Like others have said, the price is way over what current market value, which I'd place at around $800. Among vintage US-made vintage drums, Slingerland are the least valued (some would say undervalued, but that's a whole other discussion), and since the seller doesn't bother taking a shot of the ride, crash, and hi-hat cymbals and their stamps (more about that below), it's difficult to determine whether the cymbals add any value or are just more crap that whomever buys these will have to dispose of somehow..
The photos are absolutely terrible, and I'm not talking about focus or lighting, but rather composition, as the drums in the "master shot" are not set up properly and are posed in front of what appears to be a storage locker. Situated as they are among poorly placed accessories, the whole thing looks like a load of clutter that someone just bought for cheap at a storage locker auction, and the seller is another one of those Storage Wars a$$hats looking to "strike it rich". The video is equally as useless.

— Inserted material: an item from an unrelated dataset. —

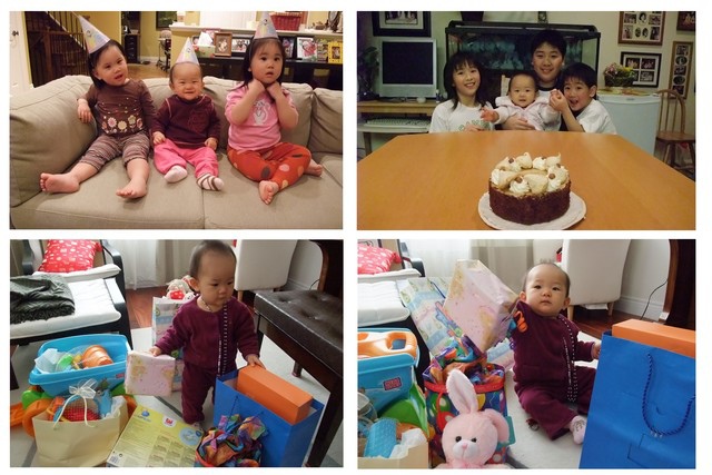 到大阿姨家﹐表姐可捷和可淇一起戴了PARTY帽慶祝安安一歲。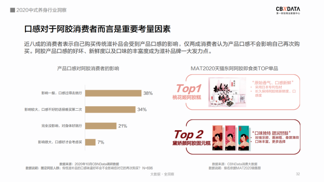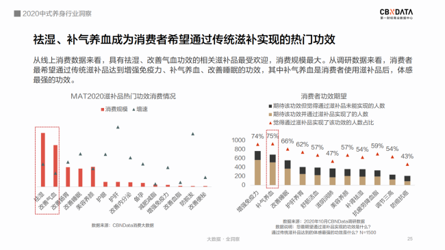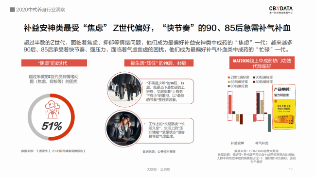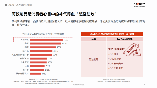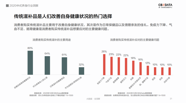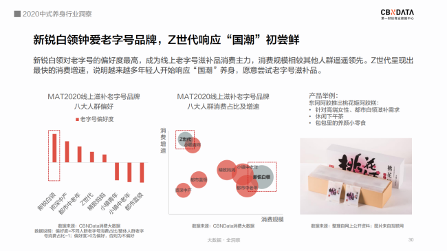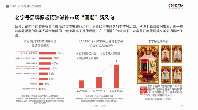 CBNData發(fā)布《2020中式養(yǎng)身行業(yè)洞察》 “奶茶不要奶,可樂加黨參,破洞褲里穿秋褲,啤酒杯中泡枸杞……” 許多人對年輕人的養(yǎng)身潮的理解還停留在“朋克養(yǎng)身”的段子上。 殊不知,當(dāng)代年輕人,已經(jīng)默默地將視線轉(zhuǎn)向“補氣、養(yǎng)血、祛濕、助眠……”這些“動真格”的養(yǎng)身方法上了。 補氣吃中(成)藥,補血有阿膠(糕)。在他們手里,中式養(yǎng)身這個看上去不那么酷的事情,儼然成為了又in又剛需的新時尚。 事實上,“養(yǎng)身惜命”的絕不僅僅是少數(shù)派。隨著國民健康意識逐漸提升,“健康中國”“大健康時代”下的中式養(yǎng)身已經(jīng)成為公眾一種普遍的生活態(tài)度。 12月7日,第一財經(jīng)商業(yè)數(shù)據(jù)中心(CBNData)發(fā)布《2020中式養(yǎng)身行業(yè)洞察》(以下簡稱《報告》),基于細(xì)分行業(yè)洞察,圍繞中藥調(diào)理、傳統(tǒng)滋補等中式養(yǎng)身熱門趨勢,深入探索傳統(tǒng)養(yǎng)身通過“國潮”化,占領(lǐng)年輕消費者心智的新進(jìn)路。 CBNData《報告》顯示: 1) 健康養(yǎng)身理念深入人心,國民在醫(yī)療保健方面花費增長顯著,過半數(shù)人認(rèn)為自己處于亞健康狀態(tài),超八成重視養(yǎng)身。 2) 疫情帶動中醫(yī)藥走紅,線上中成藥市場規(guī)模逐漸擴大,一二線城市女性是消費主力,補益安神、補氣補血、抗菌消炎等中成藥廣受歡迎。 3) 傳統(tǒng)滋補養(yǎng)身呈現(xiàn)年輕化趨勢,東阿阿膠等老字號阿膠品牌帶動滋補市場“國潮”新風(fēng)向,近六成消費者青睞“補氣養(yǎng)血”的阿膠制品,其中新銳白領(lǐng)偏好老字號,Z世代更喜歡“輕滋補”即食產(chǎn)品。 后疫情時代 中式養(yǎng)身成行業(yè)熱點 隨著國民對健康問題的關(guān)注度越來越高,超過半數(shù)的人認(rèn)為自己處于亞健康狀態(tài)。被各種健康問題困擾的人們在醫(yī)療保健上投入更多的花費。CBNData《報告》顯示,有超過8成的人重視養(yǎng)身。而隨著中醫(yī)藥在抗擊新冠疫情中大顯身手,以中藥調(diào)理和傳統(tǒng)滋補為主流的中式養(yǎng)身方式逐漸成為熱門。 由于中醫(yī)藥“走紅”的推動作用,線上中成藥市場近一年來規(guī)模迅速擴大,越來越多消費者看重中藥調(diào)理副作用少、使用方便、療效確切等優(yōu)點,希望通過中藥調(diào)理達(dá)到日常保健、治未病的目的。根據(jù)CBNData《報告》,線上中成藥消費人數(shù)增速在MAT20反超線上整體醫(yī)藥消費人數(shù)增速,中成藥市場不容小覷。 CBNData《報告》顯示,中成藥養(yǎng)身正吸引越來越多的新鮮血液加入。年輕一代、一二線城市消費者在中成藥的消費上均呈現(xiàn)出增速高、占比大的特點。女性明顯高于男性。其中,Z世代偏好補益安神類,90后、85后青睞補氣補血。此外,與防疫相關(guān)的抗菌消炎類也增長明顯,說明中成藥已經(jīng)承擔(dān)起消費者日常保健、健康維護(hù)的角色。 占領(lǐng)Z世代心智 傳統(tǒng)滋補市場打開新局面 Z世代與之前代際的健康觀點大不相同,他們更看重“養(yǎng)和防”,因此對在免疫力、氣血、腸胃健康等方面具有改善作用的傳統(tǒng)滋補品更為青睞。 根據(jù)CBNData《報告》,線上傳統(tǒng)滋補消費市場近3年規(guī)模加速增長,呈現(xiàn)年輕化趨勢,且四線及以下城市消費占比和增速明顯提升。其中,女性消費者更愿意投資在傳統(tǒng)滋補來養(yǎng)身。從消費數(shù)據(jù)看,祛濕、改善氣血等功效的相關(guān)滋補品最受歡迎。 補氣養(yǎng)血“超強助攻” 老字號阿膠引領(lǐng)“輕滋補”新風(fēng)尚 補氣養(yǎng)血是消費者選擇中式養(yǎng)身的主要訴求,而飽受氣血不足困擾的人群中,有六成偏好選擇阿膠制品來進(jìn)行日常調(diào)理。CBNData《報告》顯示,以東阿阿膠為榜首的阿膠制品成為傳統(tǒng)滋補市場的“黑馬”,展現(xiàn)出飛速的消費增長。近七成消費者購買阿膠制品時以“功效”作為首要因素。 在“國潮”崛起的趨勢下,歷史悠久、配方古老的老字號阿膠品牌紛紛響應(yīng)Z世代消費者追求高效、便捷、顏值的潮流趨勢,疊加本身良好品牌形象的優(yōu)勢,變身“國潮”新風(fēng)尚引領(lǐng)者,受到了超過六成消費者的青睞。老字號品牌東阿阿膠今年就重磅推出了“健康小金條”東阿阿膠粉,從產(chǎn)品理念到形象到包裝都契合年輕人對“國潮”的審美,一經(jīng)推出引發(fā)年輕群體關(guān)注。 根據(jù)CBNData《報告》,“熱愛”老字號的消費者中,新銳白領(lǐng)是不折不扣的消費主力,而Z世代消費者貢獻(xiàn)了最快的消費增速。作為更喜歡“國潮養(yǎng)身”的群體,年輕一族愿意嘗試可以方便快捷食用的老字號產(chǎn)品。如東阿阿膠的桃花姬阿膠糕,就是白領(lǐng)和年輕女性包包里常備的健康小零食。 CBNData《報告》顯示,購買門檻更低、食用方式更便捷、產(chǎn)品更有熱度的“輕滋補”即食阿膠產(chǎn)品成為Z世代購買的主力,阿膠糕、果凍、軟糖等最受消費者喜歡,阿膠糕成為推動阿膠產(chǎn)品增長的主力軍?诟小⑿迈r度、口味豐富度也成為消費者購買決策的重要影響因素。 對于深受中華傳統(tǒng)滋補、飲食文化滋養(yǎng)的中國人來說,滋補養(yǎng)身的需求其實從未改變。而經(jīng)受了疫情的考驗,以中藥調(diào)理

The "detail" shots show one right thing (the Slingerland badge) but the rest are all the wrong things like sticks, cymbal bags, drum cases (which looks like there are more cases than drums) - things utterly irrelevant to someone interested in a 50-year drum kit.

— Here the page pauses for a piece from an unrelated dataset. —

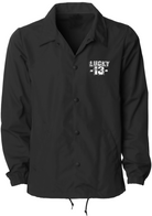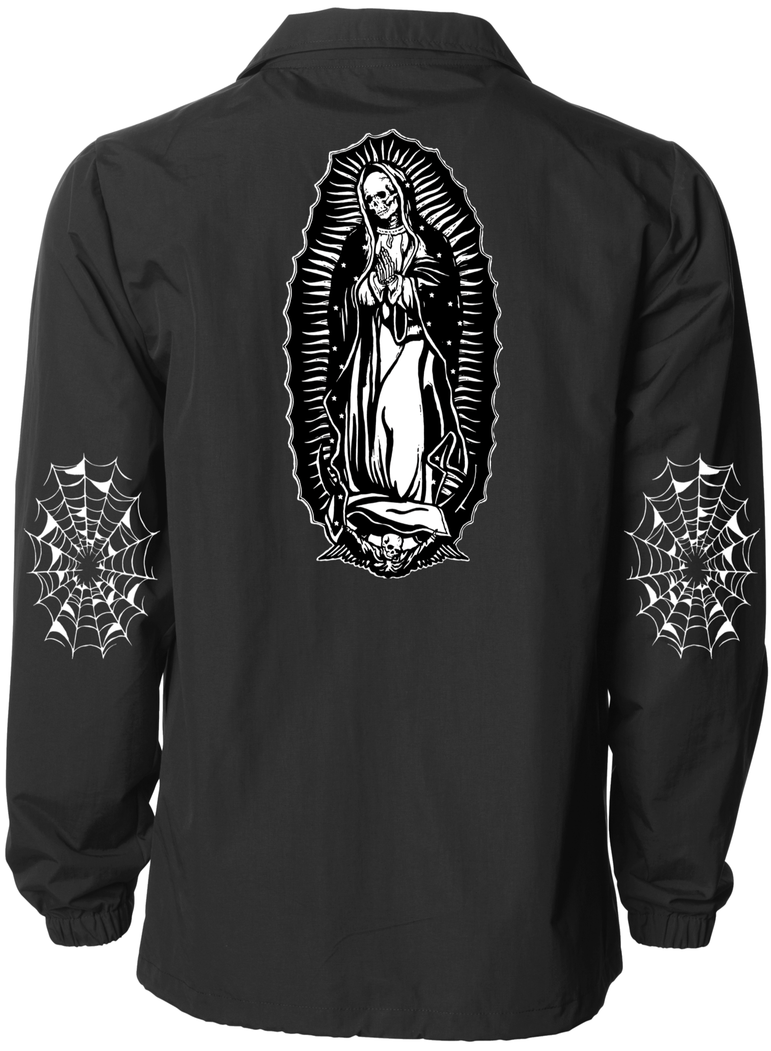 The LOOPS water-resistant windbreaker jacket has a 100% nylon outer shell with a water-proof coating and a PU-coated inner shell with a standard fit. It has antique brass eyelets, a six-snap front closure, elastic cuffs, underarm grommets, and a drawcord at the bottom. We have our Dia De Los Muertos-inspired Virgin graphic on the back, spider webs on the elbows, and a Lucky 13 logo on the front left chest.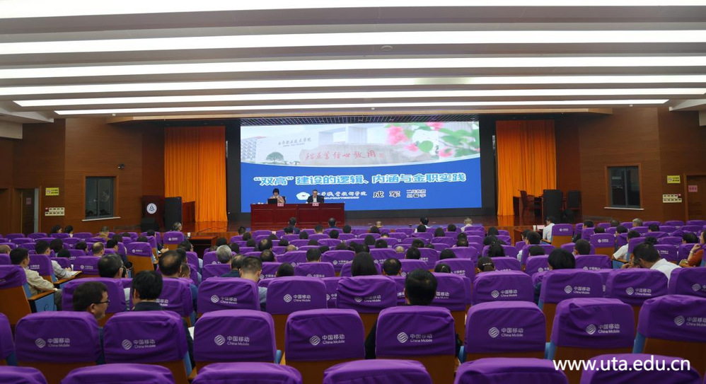 (发展规划处通讯员 王炎)10月16日下午,学院在图文信息中心三楼学术报告厅举行“双高计划”建设专家报告会。本次报告会邀请金华职业技术学院成军教授作《“双高”建设的逻辑、内涵与金职实践》专题报告。院领导班子成员、全体中层干部、全体教研室主任听取了报告。会议由党委副书记、院长盛鹏主持。

The response given to the question about drum size - "..Mounted Tom - 13" x 10" Snare - 15" x 6 1/4" Floor Tom - 17" x 17" Bass - 20 3/4" x 16"..", reveal the seller to be utterly clueless as to what he is selling, which casts doubt on the whole enterprise since one cannot believe what they are being told about a particular thing if the person doing the telling has no idea as to what they are talking about.
And that, my friends, is why these haven't sold.